%%
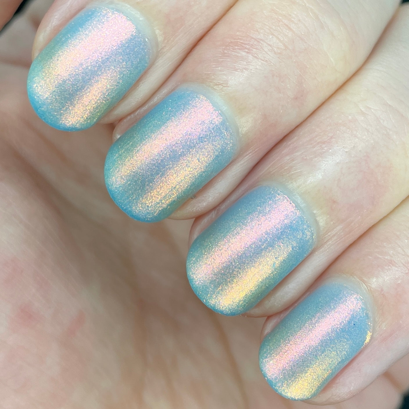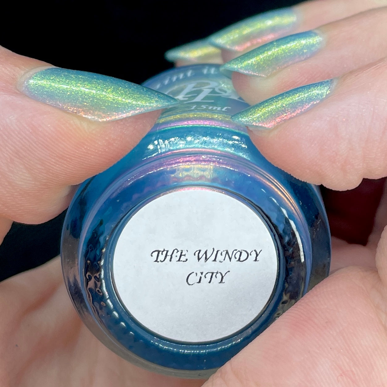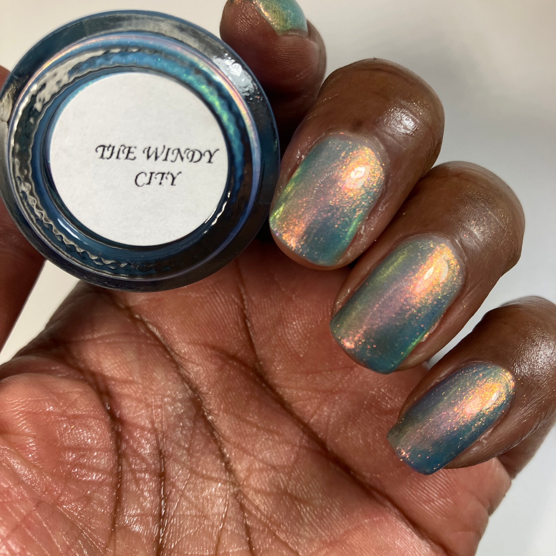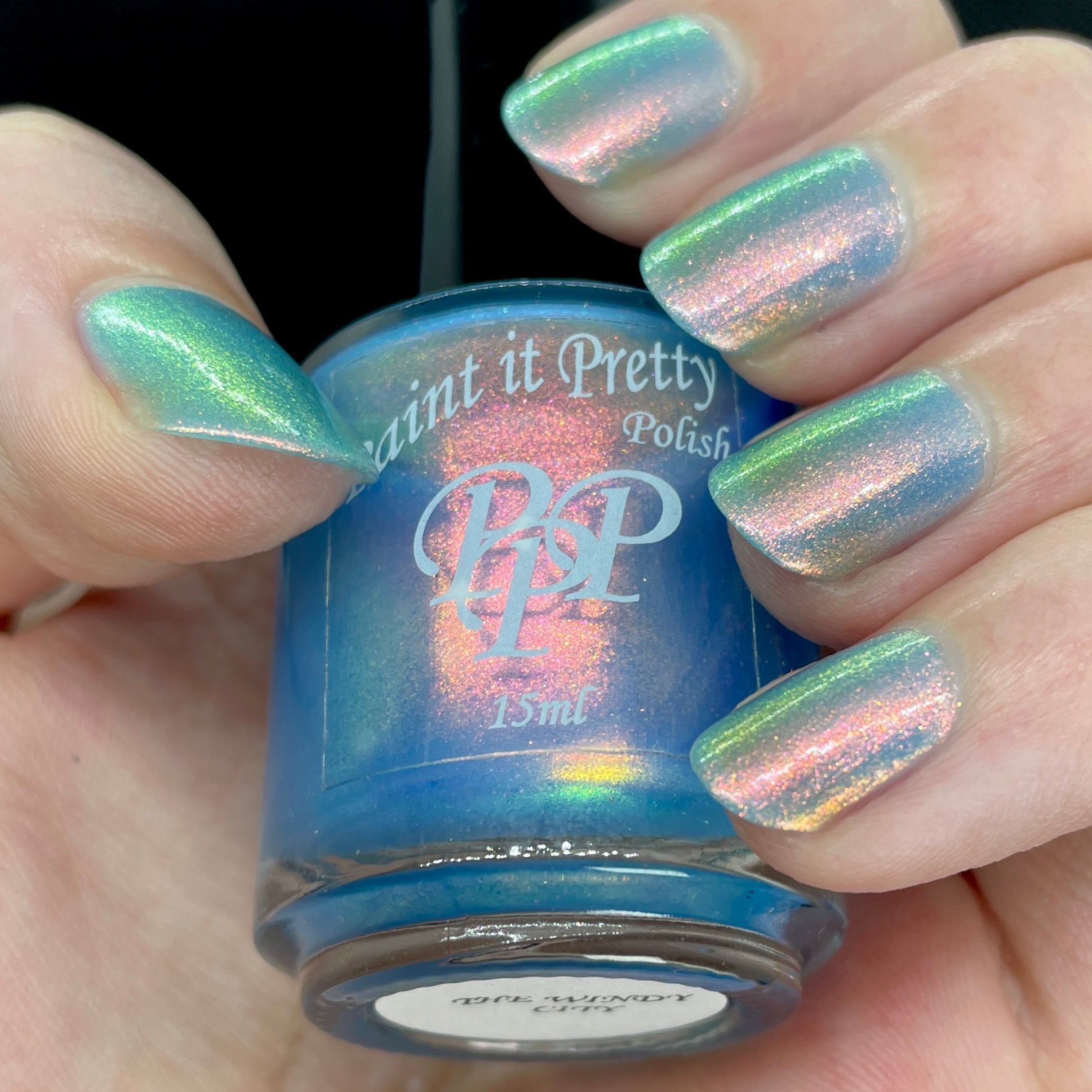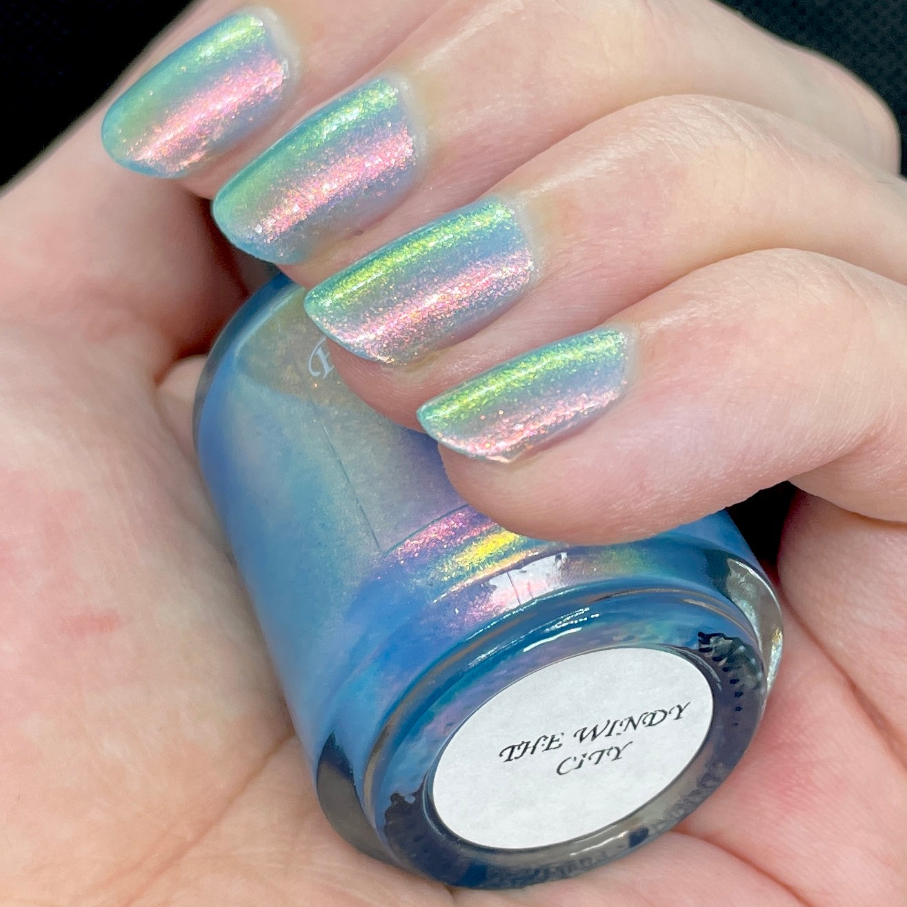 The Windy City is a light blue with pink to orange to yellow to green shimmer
%%
%%
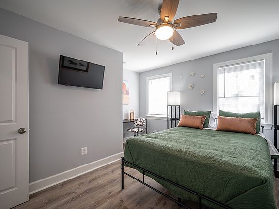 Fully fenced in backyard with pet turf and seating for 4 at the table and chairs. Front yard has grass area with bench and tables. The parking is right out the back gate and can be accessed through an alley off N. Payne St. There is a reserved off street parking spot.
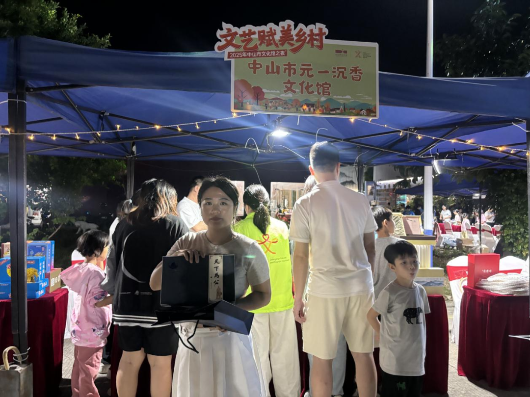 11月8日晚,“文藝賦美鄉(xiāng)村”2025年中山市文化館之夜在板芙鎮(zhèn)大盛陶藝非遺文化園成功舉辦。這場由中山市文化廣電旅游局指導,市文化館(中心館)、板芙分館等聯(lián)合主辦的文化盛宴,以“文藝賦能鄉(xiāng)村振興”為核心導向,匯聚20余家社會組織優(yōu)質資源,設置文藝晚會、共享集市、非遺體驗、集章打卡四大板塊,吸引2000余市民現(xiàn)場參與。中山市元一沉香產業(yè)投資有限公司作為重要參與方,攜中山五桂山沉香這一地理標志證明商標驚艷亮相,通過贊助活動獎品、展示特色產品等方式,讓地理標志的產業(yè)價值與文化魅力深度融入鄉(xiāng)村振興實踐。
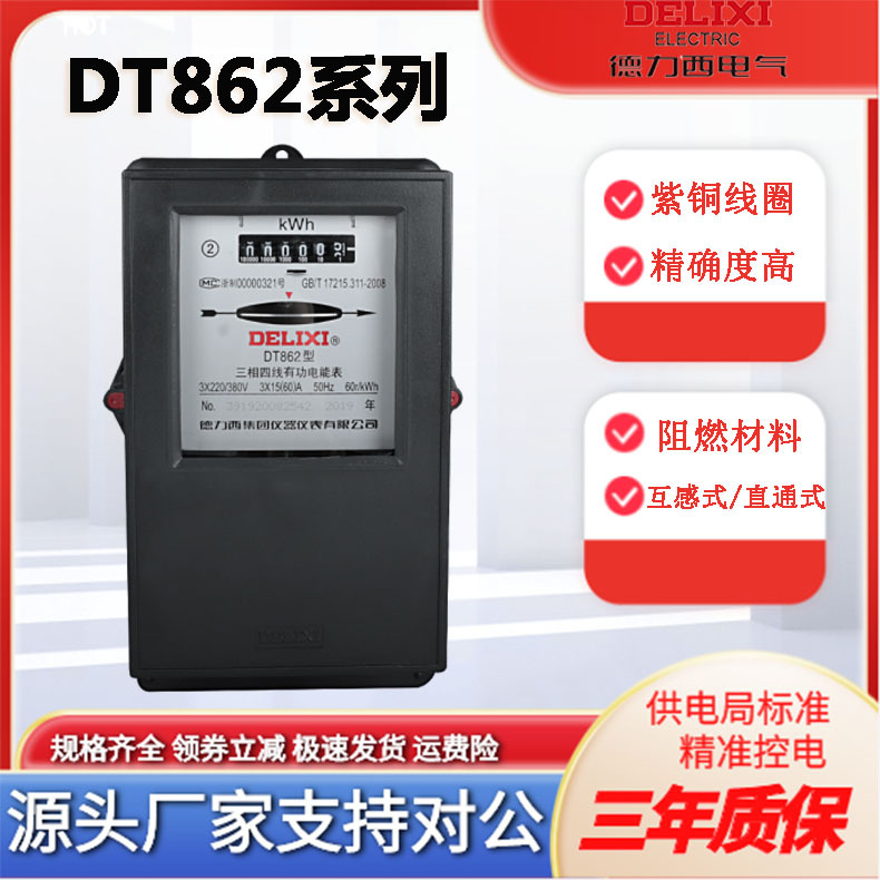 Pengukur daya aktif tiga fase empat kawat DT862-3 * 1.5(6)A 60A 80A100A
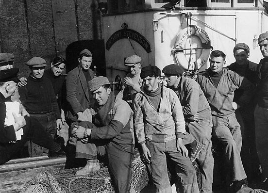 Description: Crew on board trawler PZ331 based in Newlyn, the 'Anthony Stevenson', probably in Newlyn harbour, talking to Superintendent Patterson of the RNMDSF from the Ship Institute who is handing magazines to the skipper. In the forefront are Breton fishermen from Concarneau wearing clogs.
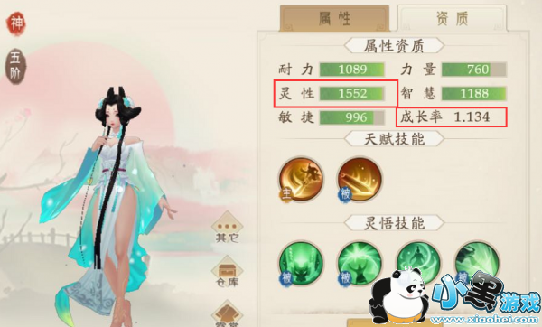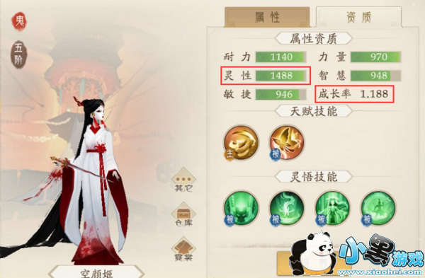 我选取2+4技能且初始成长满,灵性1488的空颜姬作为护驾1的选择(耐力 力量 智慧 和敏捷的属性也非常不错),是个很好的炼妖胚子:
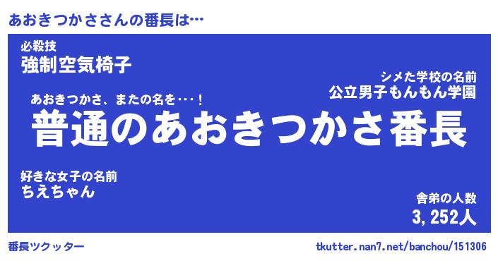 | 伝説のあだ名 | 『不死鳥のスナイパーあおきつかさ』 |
%%
Work instruction –
What are the lines in the records above, word for word, from the one containing "我选取2+4技能且初始成长满,灵性1488的空颜姬作为护驾1的选择(耐力 力量 智慧" through the one containing "伝説のあだ名 | 『不死鳥のスナイパーあおきつかさ』 |", both ends included and pictures left out?

Result of this exercise –
 我选取2+4技能且初始成长满,灵性1488的空颜姬作为护驾1的选择(耐力 力量 智慧 和敏捷的属性也非常不错),是个很好的炼妖胚子:
 | 伝説のあだ名 | 『不死鳥のスナイパーあおきつかさ』 |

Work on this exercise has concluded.